Davacı vekili, ... Gazetesi"nin 12/05/2015 tarihli nüshasında ""Dalkavuk Konuştu"" başlığı ile yayınlanmış yazı içeriğinde, müvekkilinin Cumhurbaşkanı hakkında ""Ona anam, babam, eşim, çocuklarım feda olsun"" şeklinde sözler söylediği yazılarak toplumsal saygınlığının rencide edildiğini, oysa ki müvekkili tarafından ""eşim"" kelimesi kullanılmadığı halde bu sözün de eklenerek müvekkili tarafından söylenilmiş gibi gösterildiğini ve bu durumun kişilik haklarına zarar verdiğini belirterek manevi zararının tazmini ile kınama kararı verilmesi ve bu kararın ilan edilmesi isteminde bulunmuştur.

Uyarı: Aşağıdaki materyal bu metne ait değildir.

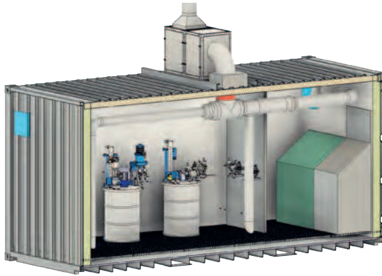
Gefahrenstoffcontainer mit Mischanlage, flexibler 3K Lackieranlage, Arbeits- und Reinigungstisch – Individuell auf Kundenwunsch
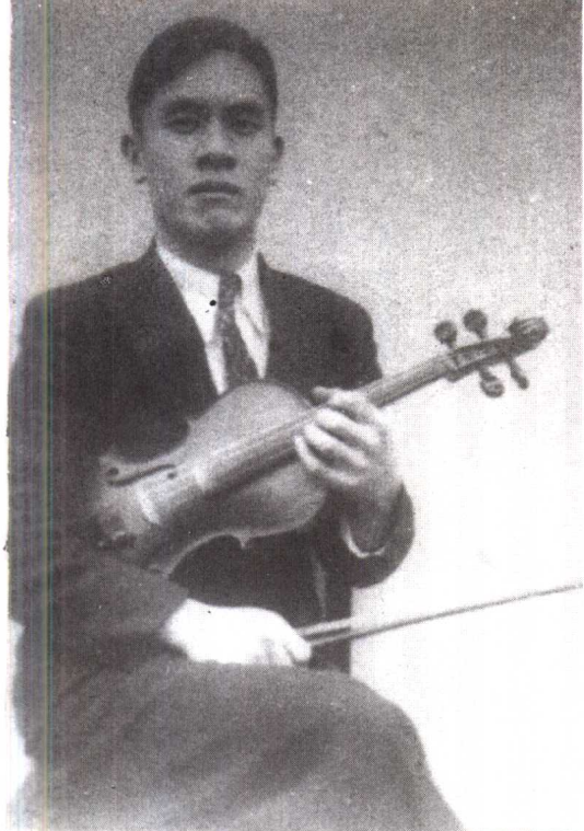
◀ 1931 年学成归国后的马思聪
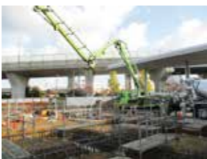
基礎コンクリート
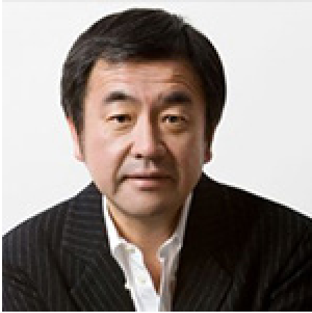
Kengo Kuma Kengo Kuma & Associates Tokyo, Paris, Beijing
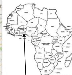
Il Togo nell'Africa
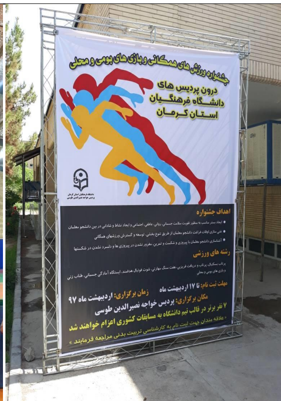
تصویر شماره ۵
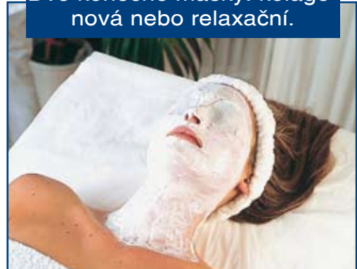
Dvě konečné masky: kolagenová nebo relaxační.

G Poté masku opláchněte, aplikujte specifické tonikum a zbývající 1/3 ampulky Lifting & Firming Fluid a naneste tenkou vrstvu Lifting & Firming Cream .
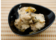
(改)真鯛入りつみれの胡麻柚子あん
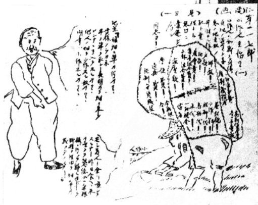
揭露日寇和地主阶级残酷剥削人民的漫画
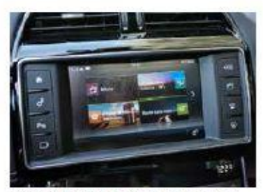
Ecran 8 pouces intuitif On accède à la plupart des fonctions du bout des doiots.
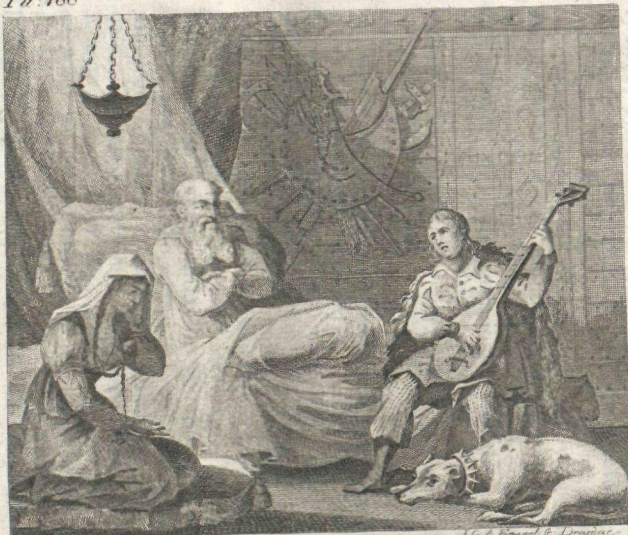
Laurea Błona del.
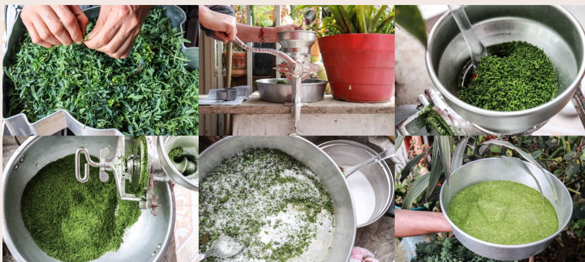
Imagen 33. Molienda de Sal Ruda. San Cristóbal Sur (2022).

Para la molienda, una vez recolectada la planta de ruda, se separan las hojas de los tallos, se ponen a secar al sol durante 20 días y se mueven periódicamente hasta que estén deshidratadas. Una vez secas las hojas, se ajusta el molino a un nivel no tan apretado para que la ruda quede con una textura granulosa, después de esta primera pasada se ajustan las chapolas del molino para quede más apretado; luego agregamos la sal a la ruda al interior de la tolva para que se integren homogéneamente. La colamos y repetimos el procedimiento hasta que la sal quede completamente verde y con una textura refinada.
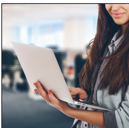
Våra kunniga föreläsare berättar hur SBA på bästa sätt kan dokumenteras.
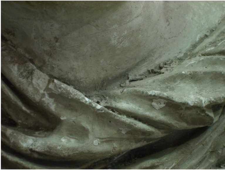
Detalle de depósitos sobre la superficie
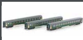
K23012 3ER SET RIC PERSONENWAGEN BM, 2.KL. SBB, EP. IV-V
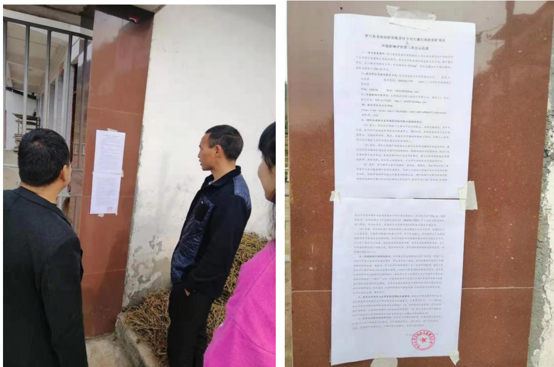
图 3-4 征求意见稿张贴公示截图

Davalılar vekili; davanın reddine karar verilmesi gerektiğini savunmuştur.
Mahkemece, davaya konu yazıda davacı hakkında kullanılan dalkavuk kelimesinin, davacının birçok medya kanalında yayınlanan "...bu sözlerimi ..."a söylemeyin ona dalkavukluk yaptığımı sanır" şeklindeki beyanından alıntı olarak yazıldığı, özle biçim arasındaki dengenin korunduğu, haberin güncel nitelik taşıyıp başkaca bir yorum içermediği gibi başkaca basın ve medya organlarında da benzer şekilde yer aldığı, bu haliyle ifade ve basın özgürlüğü kapsamında bulunduğu gerekçesi ile davanın reddine karar verilmiştir.

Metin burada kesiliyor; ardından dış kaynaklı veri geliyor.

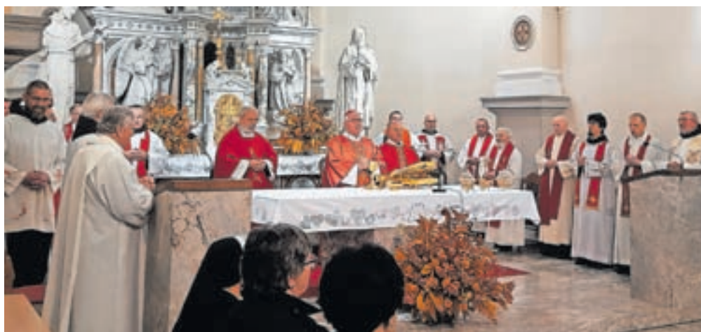
Somaševanje bratov iz Frančiškovih redov v baziliki na Brezjah

Kovač, gorenjski rojak iz Loga v Poljanski dolini, ki deluje kot predstojnik bratske skupnosti kapucinov v Štepanji vasi v Ljubljani, je povedal, da so bila doslej taka srečanja v Štepanji vasi, pri Vipavskem križu, v Celju, v Kančevcih, v Škofji Loki in v Ljubljani. Na vseh je v središču spomin na življenje in delo Frančiška Asiškega. Letos se spominjamo 800. obletnice postavitve prvih jaslic, leta 2026 pa bo molitveno srečanje posvečeno 800. obletnici Frančiškove smrti.
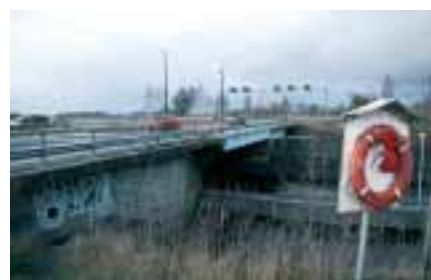
VT5:n parantaminen Päiväranta-Vuorela-välillä etenkin Kallansiltojen osalta on keskeinen maakunnan kehittämiskohde.
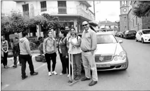
Οι εθελοντές στην πλατεία της Βυτίνας
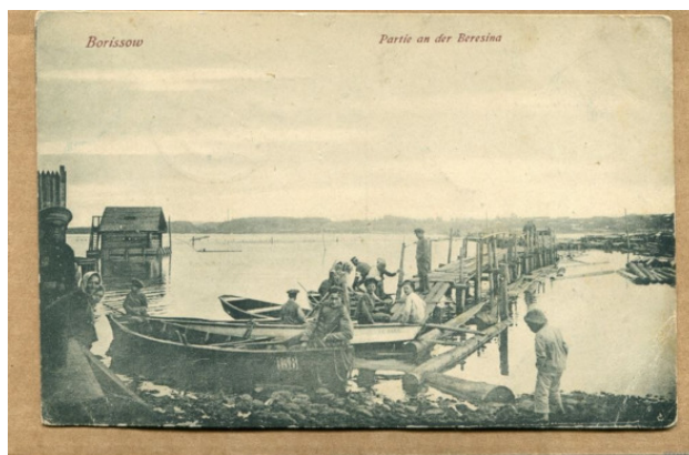
1918 год. Борисов, Березина. Фото из источника в списке литературы [88]

Год 1919-й (февраль, двадцать седьмое число). Борисов стал частью «Литовско-Белорусской Советской Социалистической Республики».
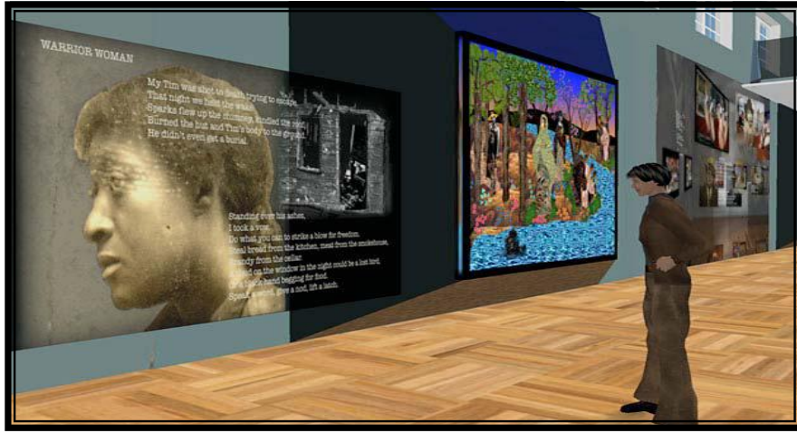
شكل ( ٥ ) جولة لمعرض الفن والموسيقى بجامعة شيكاغو

بحيث يمكنه التجول بحرية من خلال أدوات الجولة، وتعتمد هذه الجولة في بنائها على نظم الواقع الافتراضي، وتعتبر من أكثر أنواع الجولات تكلفة في إنتاجها، ولكن الفائدة التي تعود منها تعوض هذه التكلفة. والشكل التالي يوضح جولة لمعرض الفن والموسيقى بجامعة شيكاغو
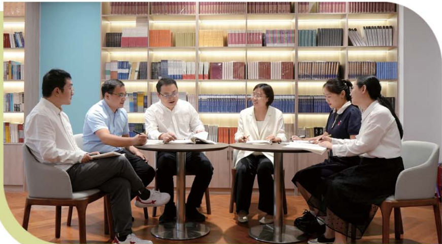
教师们在进行集中教研。

学校高度重视教学常规管理，实行随机查课、每日考勤，开展随机推门听课，提高教师对常规课堂的积极性，确保课堂有效性。实行“学校—年级—教师—学生”多层级联合管理的办法，学校对年级加强教学常规监管，年级部对教师课堂管理结果进行考核公示，班主任对班级任课教师和学生双重管理，学生对日常课堂进行“一课一考”评价，不断提升课堂教学质量，提高教学的有效性。
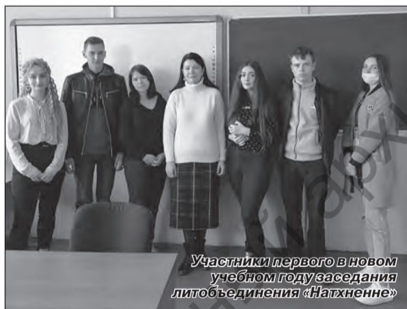
Учаснікі пераго в новым учебном году заседания литобъединения «Натхненне»

Заседание началось с рассказа руководителя литобъединения кандидата

Hükme karşı davacı vekili tarafından istinaf talebinde bulunulmuştur.
Bölge Adliye Mahkemesince; davacının söz konusu haber nedeniyle toplum nezdinde rencide olduğu, kişilik haklarının zarara uğradığı ayrıca haberin basın ve ifade özgürlüğü kapsamında değerlendirilemeyeceği belirtilerek, davacının istinaf başvurusunun kısmen kabulüne
ve ... 15. Asliye Hukuk Mahkemesinin 2015/425 esas 2017/160 sayılı kararının HMK 353/1-b-2 maddesi uyarınca düzeltilerek; davanın manevi tazminat yönünden kabulüne, yayın ve kınama kararına dair talebin ise reddine karar verilmiş; hüküm, taraflarca temyiz edilmiştir.
Basın özgürlüğü, Anayasanın 28. maddesi ile 5187 sayılı Basın Yasasının 1. ve 3. maddelerinde düzenlenmiştir. Bu düzenlemelerde basının özgürce yayın yapmasının güvence altına alındığı görülmektedir. Basına sağlanan güvencenin amacı; toplumun sağlıklı, mutlu ve güvenlik içinde yaşayabilmesini gerçekleştirmektir. Bu durum da halkın dünyada ve özellikle içinde yaşadığı toplumda meydana gelen ve toplumu ilgilendiren konularda bilgi sahibi olması ile olanaklıdır. Basın, olayları izleme, araştırma, değerlendirme, yayma ve böylece kişileri bilgilendirme, öğretme, aydınlatma ve yönlendirmede yetkili ve aynı zamanda sorumludur. Basının bu nedenle ayrı bir konumu bulunmaktadır.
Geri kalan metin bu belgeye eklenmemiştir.